With the gradual abolition of the transatlantic slave trade over the course of the nineteenth century, Africans often disappear from historical accounts of global migration. When historians discuss the development of the Age of Mass Migration, they refer almost exclusively to the large-scale movement of populations originating in Europe, East, and South Asia. Our panel roots Africans in the Age of Mass Migration. We explore migrations in the Western Sahel region of Africa–particularly in the Senegambia and Upper Niger areas–to demonstrate the fundamental role that African migrants played in the expansion of industrial economies, the consolidation of transnational labor and capital networks, and the spread of Islam. We argue that West Africans migrated outside the frameworks of European slaving and colonization in creative ways to pursue their own ends. More broadly, they participated in the emerging nineteenth-century industrial economy and global circulation of ideas on their own terms. Furthermore, our panel explores how the Age of Mass Migration impacted the history of the Western Sahel, especially in the realms of commodity production, the private sphere, labor regimes, and intellectual life. In sum, we seek to understand how Western Sahelians understood their place in the world.

Our panel continues the work begun by Adam McKeown, a historian of Chinese migrants and global migration.

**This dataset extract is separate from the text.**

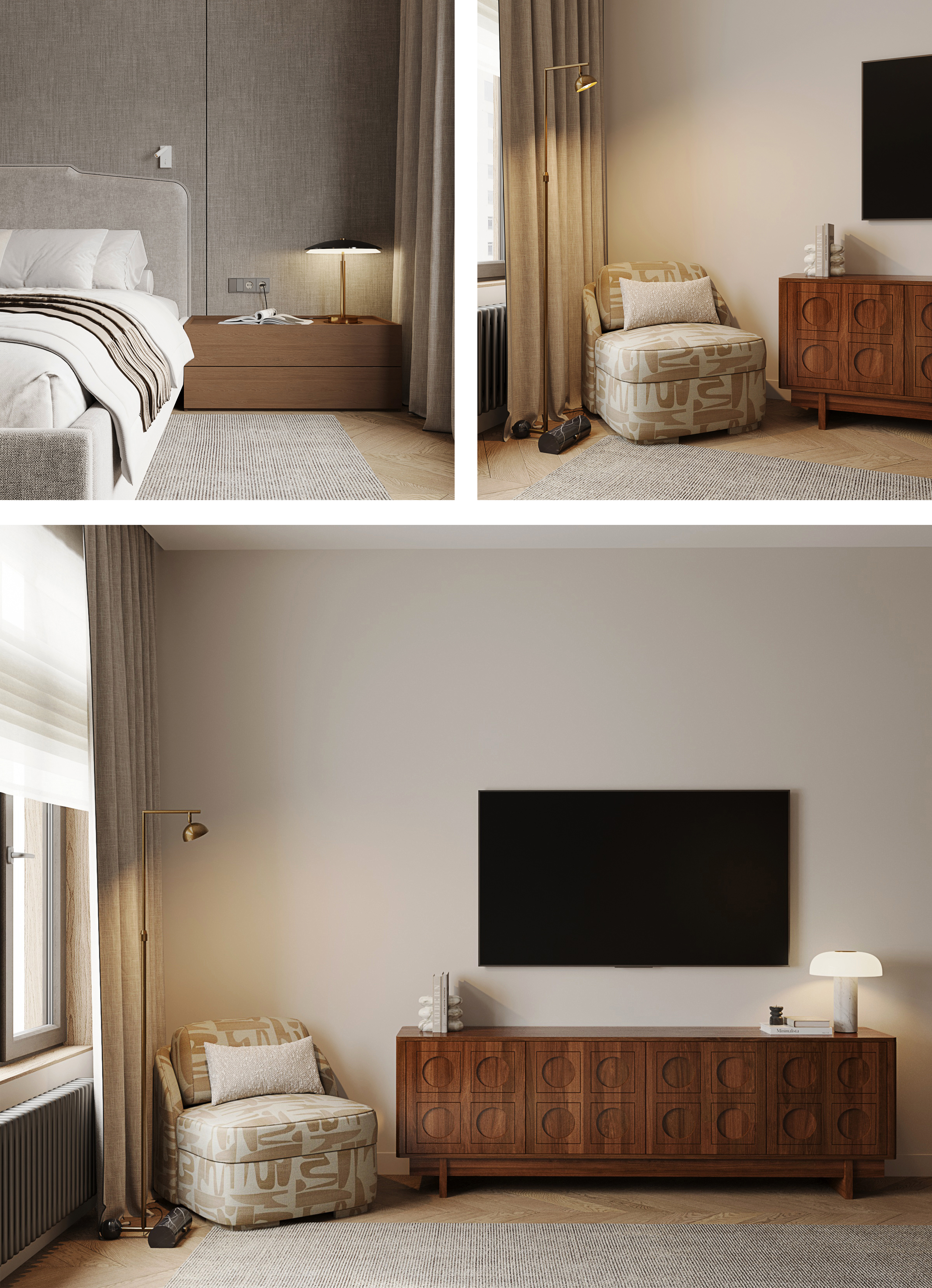 Подбор аксессуаров и декора выглядит логично и не перегружает)
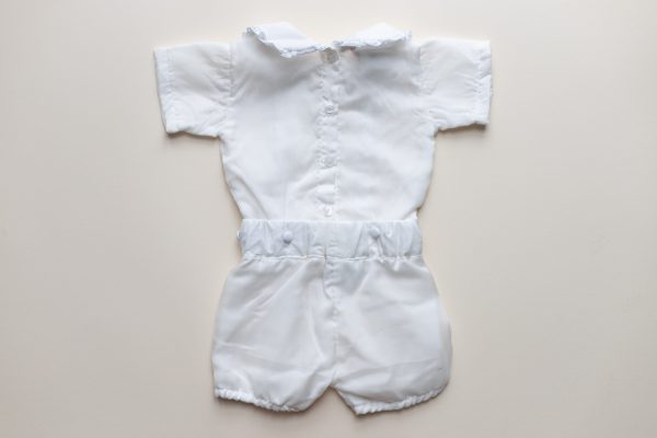 Camasuta cu maneca scurta are in talie 6 nasturei imbracati in matase naturala de care se prind pantalonii scurti, astfel se transforma intr-o salopetica.

As McKeown suggested in his 2004 article “Global Migration, 1846-1940,” Africans and Asians frequently migrated according to their own desires and needs as industrial capitalism expanded across the world in the nineteenth century. It is only by paying close attention to local networks of migratory streams and capital flows that historians can understand how and why Africans and Asians participated in the global economy. We also follow a trail Tiffany Ruby Patterson and Robin D.G. Kelley laid in their 2000 article “Unfinished Migrations: Reflections on the African Diaspora and the Making of the Modern World.” We answer Patterson and Kelley’s call to contribute to “a theoretical framework and conception of world history that treats the African diaspora as a unit of analysis” in a way that illuminates “the full range of black transnational political, cultural, and intellectual life.” In this vein, we analyze the trajectory of Western Sahelians across the nineteenth century, both from and within the region, and across different scales, from the trajectory of a single sojourner to the collective recruitment of contract laborers. Through these varied perspectives, we seek to explore how long-distance migrations integrated regional migratory networks and how human migrations contributed to the mobility of ideas, objects and practices linking the Western Sahel to the Caribbean, metropolitan France, Central Africa, the Indian Ocean rim and the South China Sea.

Our panel would be of particular interest to historians of migration regardless of geographical specialization. We also welcome scholars interested in labor, capitalism, imperialism, and Islam.